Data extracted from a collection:
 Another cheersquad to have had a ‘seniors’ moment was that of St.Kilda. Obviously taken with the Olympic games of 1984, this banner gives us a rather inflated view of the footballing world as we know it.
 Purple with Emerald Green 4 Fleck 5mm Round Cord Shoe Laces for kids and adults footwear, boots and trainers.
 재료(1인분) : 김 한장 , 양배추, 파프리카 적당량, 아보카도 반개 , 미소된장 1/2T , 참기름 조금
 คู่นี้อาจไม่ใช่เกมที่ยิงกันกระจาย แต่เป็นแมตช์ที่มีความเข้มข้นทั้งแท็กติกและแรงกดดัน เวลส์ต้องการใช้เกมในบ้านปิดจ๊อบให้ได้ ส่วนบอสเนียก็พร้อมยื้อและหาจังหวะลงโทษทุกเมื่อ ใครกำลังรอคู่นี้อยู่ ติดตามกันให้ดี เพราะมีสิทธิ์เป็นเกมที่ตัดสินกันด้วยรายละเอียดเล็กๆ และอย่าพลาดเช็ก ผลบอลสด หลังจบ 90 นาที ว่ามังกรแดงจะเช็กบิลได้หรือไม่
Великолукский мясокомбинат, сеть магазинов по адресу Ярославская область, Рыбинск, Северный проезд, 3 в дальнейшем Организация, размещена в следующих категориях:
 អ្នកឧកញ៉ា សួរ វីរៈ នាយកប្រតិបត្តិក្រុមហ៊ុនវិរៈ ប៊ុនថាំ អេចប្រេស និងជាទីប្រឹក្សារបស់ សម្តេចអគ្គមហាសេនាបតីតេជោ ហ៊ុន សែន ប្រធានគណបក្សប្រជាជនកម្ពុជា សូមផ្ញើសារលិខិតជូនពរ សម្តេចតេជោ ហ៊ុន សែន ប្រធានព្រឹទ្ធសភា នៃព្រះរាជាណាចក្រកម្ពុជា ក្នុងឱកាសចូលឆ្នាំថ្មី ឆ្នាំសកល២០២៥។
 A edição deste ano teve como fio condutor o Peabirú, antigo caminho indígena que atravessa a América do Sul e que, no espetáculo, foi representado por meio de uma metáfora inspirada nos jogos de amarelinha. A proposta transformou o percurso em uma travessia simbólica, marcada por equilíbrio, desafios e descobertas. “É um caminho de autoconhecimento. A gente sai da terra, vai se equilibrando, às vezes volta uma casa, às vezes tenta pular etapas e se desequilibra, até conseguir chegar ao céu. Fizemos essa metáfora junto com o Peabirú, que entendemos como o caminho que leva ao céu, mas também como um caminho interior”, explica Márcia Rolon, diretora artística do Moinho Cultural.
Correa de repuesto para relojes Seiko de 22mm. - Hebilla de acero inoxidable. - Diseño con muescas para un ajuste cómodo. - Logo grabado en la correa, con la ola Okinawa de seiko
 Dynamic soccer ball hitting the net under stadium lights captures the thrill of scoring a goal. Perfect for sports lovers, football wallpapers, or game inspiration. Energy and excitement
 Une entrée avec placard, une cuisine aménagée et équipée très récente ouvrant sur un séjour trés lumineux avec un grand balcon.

* WHAT YOU NEED TO DO
Tell how many lines of the data above contain the word "with", giving the number by itself.

* EXERCISE OUTPUT
2